_Data segment_.
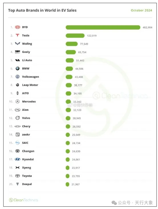 全球新能源品牌销量Top20榜单显示,中国品牌占据13席,展现出强劲的全球竞争力。其中,比亚迪以48.3万辆销量高居榜首,市场份额达27.7%,远超第二名至第九名销量总和;特斯拉以12.2万辆销量位居第二。中国品牌五菱、吉利、理想表现突出,分别位列第三、第四、第五名。海外品牌中,德系大众、宝马、奔驰占据3席,韩系、欧系、日系、美系品牌各占1席,全球新能源市场多元化竞争格局已然形成。
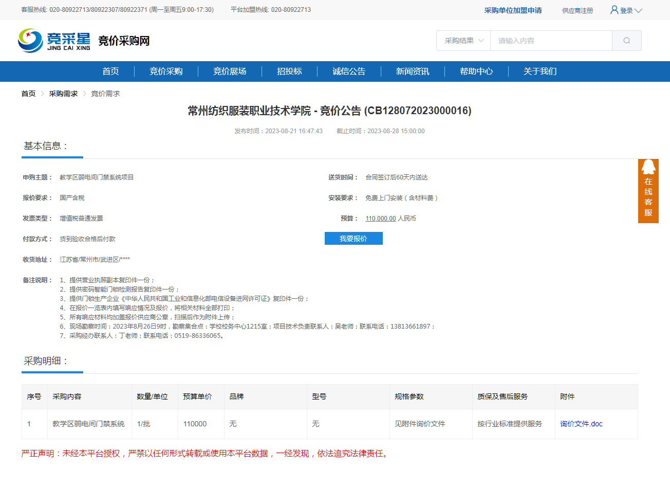 【采购公告】教学区弱电间门禁系统项目询价公告
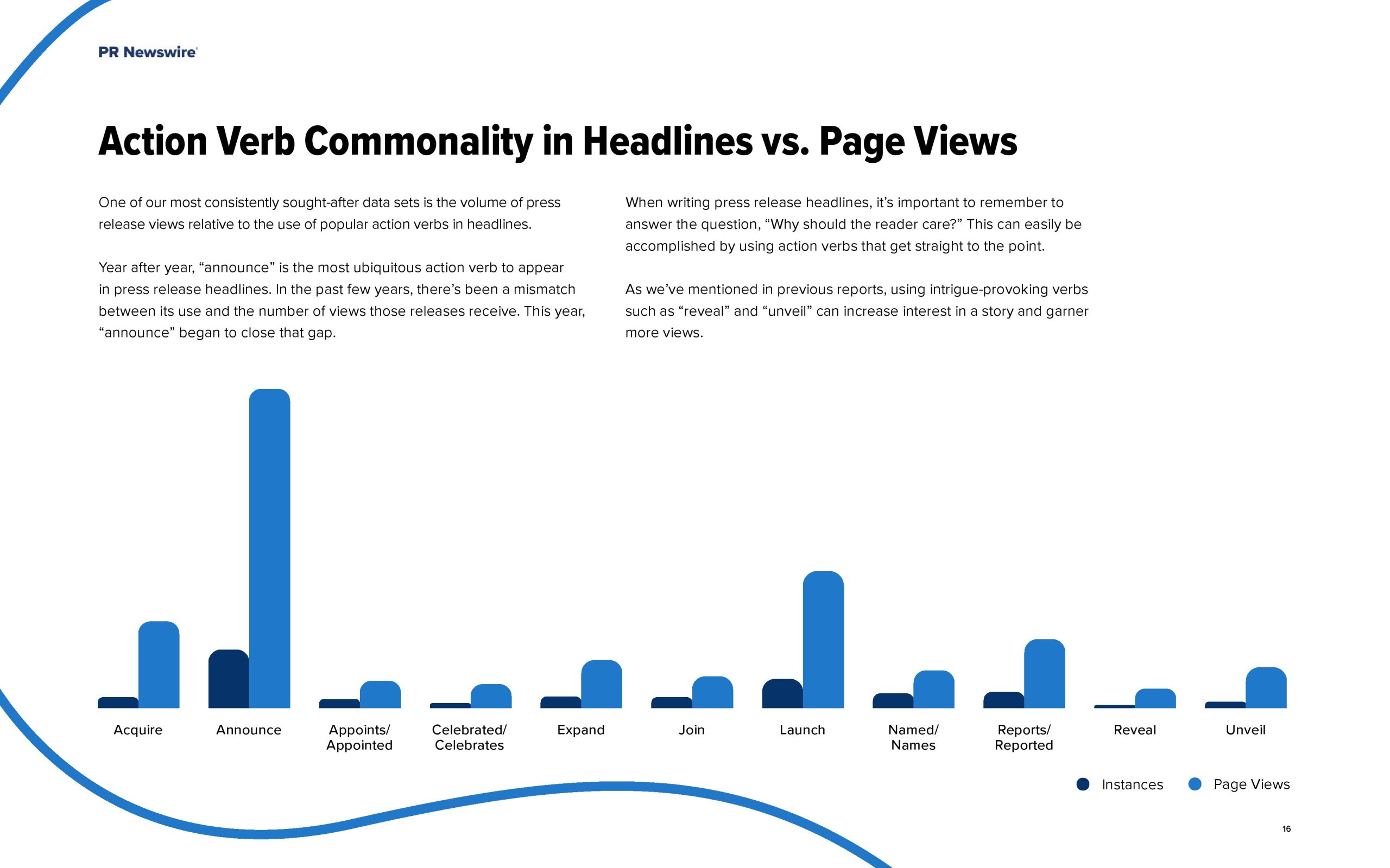 - 在分析新闻稿中的动词时,最常见的是“宣布”这个词——这也是获得最多页面浏览量的一个。

_Your task_. Take the listing above and print it exactly, apart from the pictures.

_Reply_.
 全球新能源品牌销量Top20榜单显示,中国品牌占据13席,展现出强劲的全球竞争力。其中,比亚迪以48.3万辆销量高居榜首,市场份额达27.7%,远超第二名至第九名销量总和;特斯拉以12.2万辆销量位居第二。中国品牌五菱、吉利、理想表现突出,分别位列第三、第四、第五名。海外品牌中,德系大众、宝马、奔驰占据3席,韩系、欧系、日系、美系品牌各占1席,全球新能源市场多元化竞争格局已然形成。
 【采购公告】教学区弱电间门禁系统项目询价公告
 - 在分析新闻稿中的动词时,最常见的是“宣布”这个词——这也是获得最多页面浏览量的一个。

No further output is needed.